You can see the differences if you use different amounts of text (including none at all) between some of the tab characters.

abdolrahmanshokri · December 30, 2023, 11:24am

How is it that there is one more space than input two for input three and one more space than input three for input four? But for input 2 and 1, the number of spaces created is equal to one. If you enter the number 1 or put the number 2 as input in the above codes, you will get the same answer, but it is not logically correct. This is a bit confusing

dirn · December 30, 2023, 1:05pm

The number of spaces inserted by expandtabs(n) is essentially

n - number_of_ characters_before_the_tab

In your examples, you always have one character before each tab, so n - 1 spaces are inserted. In the case of expandtabs(1), that would be 0 spaces.

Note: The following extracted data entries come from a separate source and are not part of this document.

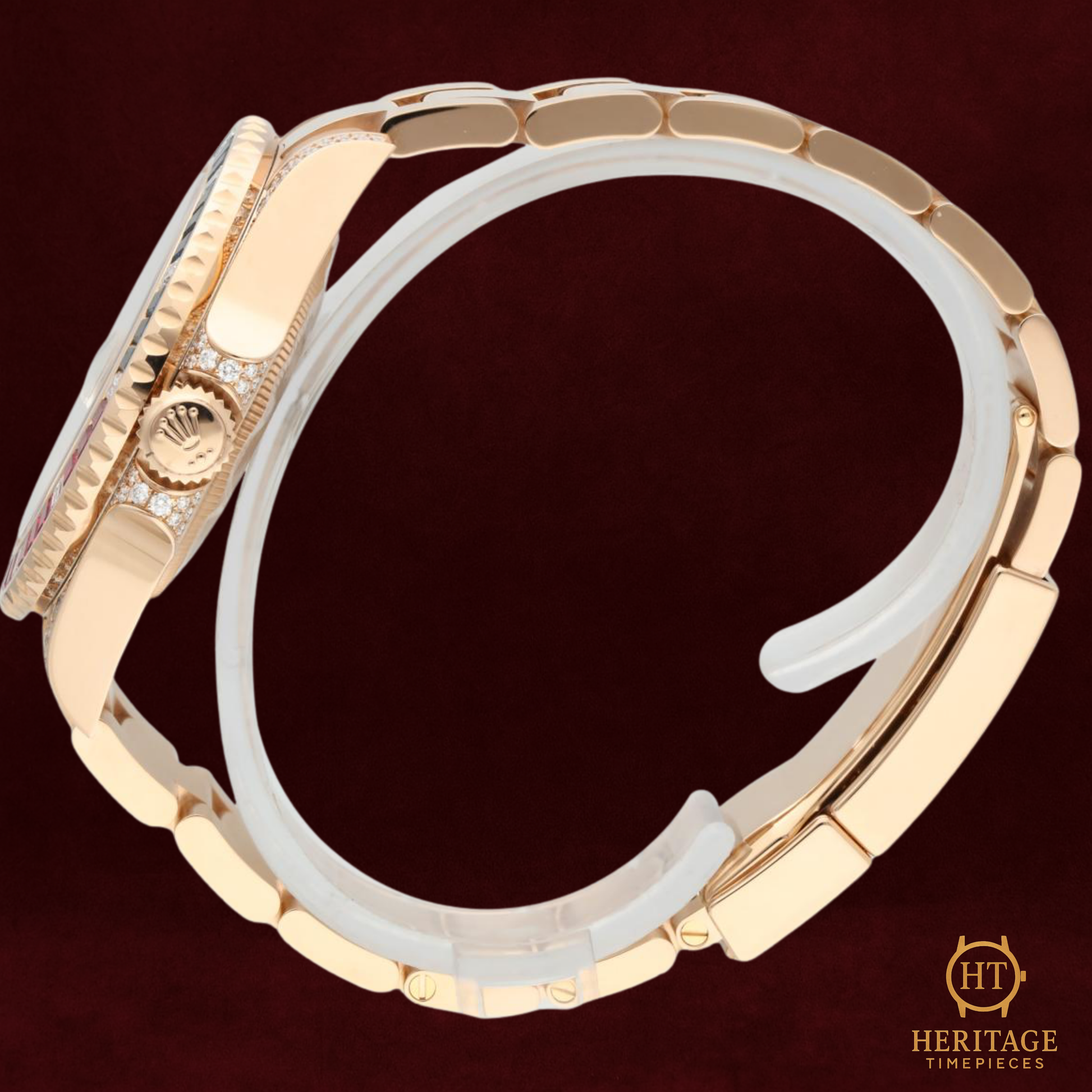 The reference 126755SARU elevates this legend to exceptional levels of opulence. Crafted entirely in 18 k Everose gold, it features a bezel invisibly set with baguette-cut sapphires, rubies, and diamonds arranged in Rolex’s signature red-and-blue “SARU” pattern. The lugs and crown guards are likewise set with factory diamonds, reflecting light with remarkable brilliance while preserving the model’s professional DNA.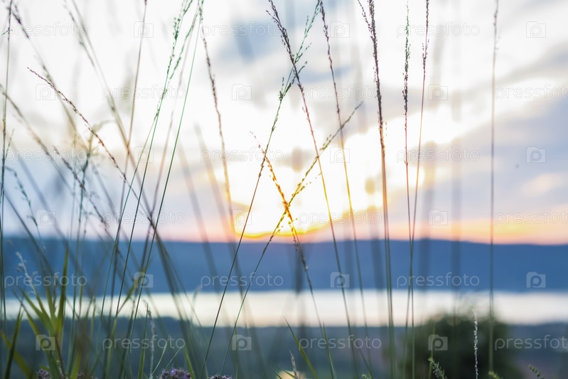 Летний абстрактный фон природы с травой на лугу и закатным небом позади. Природный ландшафт. Макросъемка травинок. пейзаж во время заката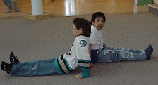 | Count to three and raise inside legs to lock around each others' at the knee, keeping the outside leg extended at all times. |

A full tabstop’s worth of spaces (i.e., 1) is inserted instead of 0.

Keep in mind that the real formula is more involved as it needs to handle runs of characters that are longer than one or more tabstops.

kknechtel · December 30, 2023, 2:38pm

The same way as when you use the same argument for expandtabs, and change the amount of text in the string before the tab:

>>> 'a\tz'.expandtabs(4)
'a   z'
>>> 'ab\tz'.expandtabs(4)
'ab  z'
>>> 'abc\tz'.expandtabs(4)
'abc z'
>>> 'abcd\tz'.expandtabs(4)
'abcd    z'
>>> 'abcde\tz'.expandtabs(4)
'abcde   z'
>>> 'abcdef\tz'.expandtabs(4)
'abcdef  z'
>>> 'abcdefg\tz'.expandtabs(4)
'abcdefg z'
>>> 'abcdefgh\tz'.expandtabs(4)
'abcdefgh    z'
>>> 'a\tbc\tdef\tghij\tz'.expandtabs(4)
'a   bc  def ghij    z'

See the pattern? The tab has to become at least one space, but it can become a different amount of spaces, so that the next character is aligned at a multiple of four. This makes it look like the text is in columns that are 4 characters wide, but makes sure that the column texts don’t run into each other.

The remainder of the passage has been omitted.